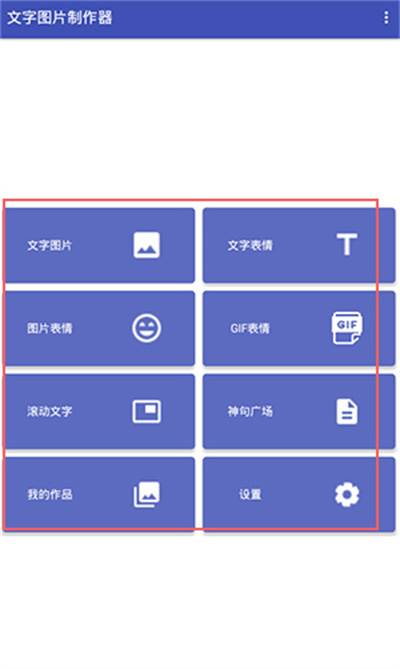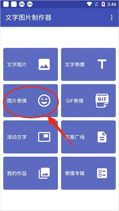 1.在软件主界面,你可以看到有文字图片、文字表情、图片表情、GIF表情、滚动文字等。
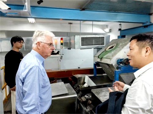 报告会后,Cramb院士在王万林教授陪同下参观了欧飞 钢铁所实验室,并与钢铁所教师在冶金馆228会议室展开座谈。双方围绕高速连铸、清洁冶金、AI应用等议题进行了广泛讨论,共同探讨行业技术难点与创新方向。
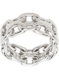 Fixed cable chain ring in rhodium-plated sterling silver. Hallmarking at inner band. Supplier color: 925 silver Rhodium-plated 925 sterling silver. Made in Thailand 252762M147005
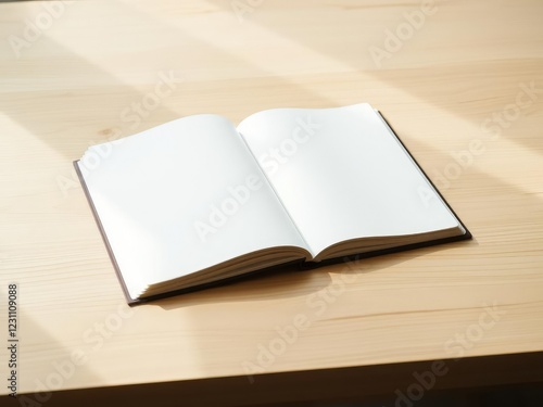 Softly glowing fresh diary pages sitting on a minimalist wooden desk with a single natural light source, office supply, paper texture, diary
==
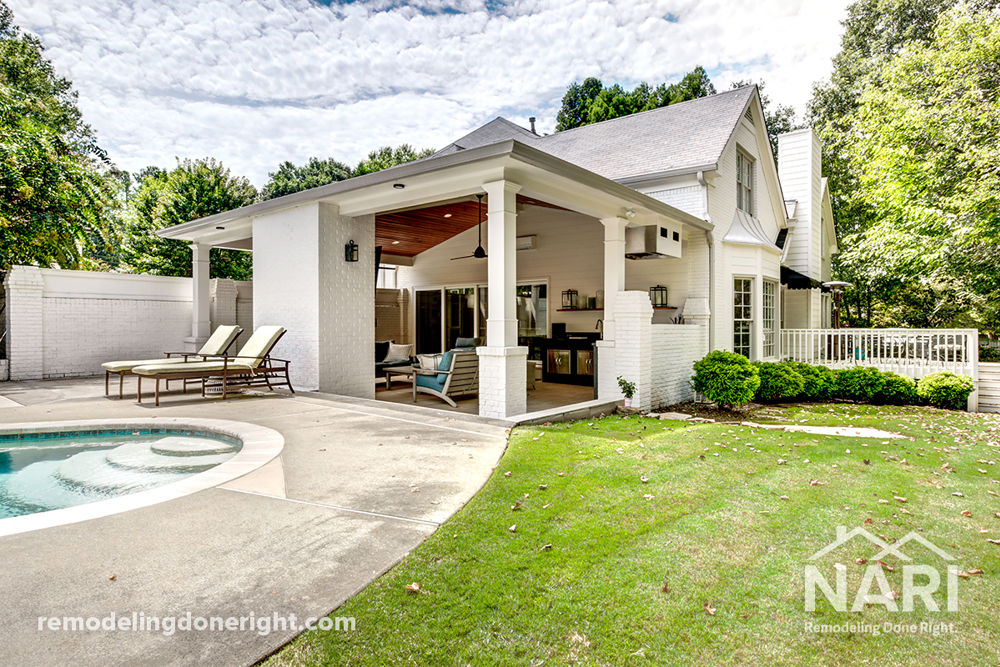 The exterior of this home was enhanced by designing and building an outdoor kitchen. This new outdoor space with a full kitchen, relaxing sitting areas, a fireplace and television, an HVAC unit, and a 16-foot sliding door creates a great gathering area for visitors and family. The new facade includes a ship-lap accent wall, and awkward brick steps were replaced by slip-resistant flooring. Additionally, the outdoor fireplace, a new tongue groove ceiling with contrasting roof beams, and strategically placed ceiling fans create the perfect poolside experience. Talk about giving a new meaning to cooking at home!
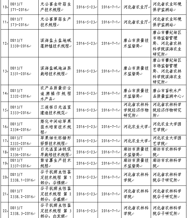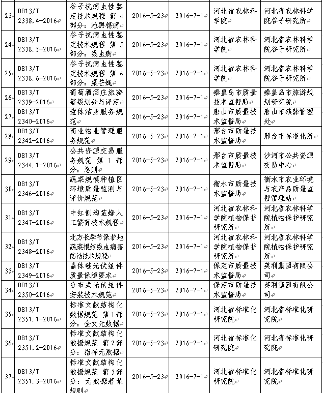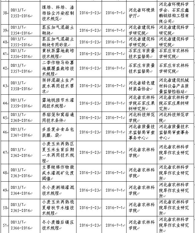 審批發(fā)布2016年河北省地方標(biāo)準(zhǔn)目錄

== Your task ==
Though the entries above contain pictures, none should be copied; reproduce only the lines between the one holding "报告会后,Cramb院士在王" and the one holding "Softly glowing fresh", inclusive, exactly as written.

== Result below ==
 报告会后,Cramb院士在王万林教授陪同下参观了欧飞 钢铁所实验室,并与钢铁所教师在冶金馆228会议室展开座谈。双方围绕高速连铸、清洁冶金、AI应用等议题进行了广泛讨论,共同探讨行业技术难点与创新方向。
 Fixed cable chain ring in rhodium-plated sterling silver. Hallmarking at inner band. Supplier color: 925 silver Rhodium-plated 925 sterling silver. Made in Thailand 252762M147005
 Softly glowing fresh diary pages sitting on a minimalist wooden desk with a single natural light source, office supply, paper texture, diary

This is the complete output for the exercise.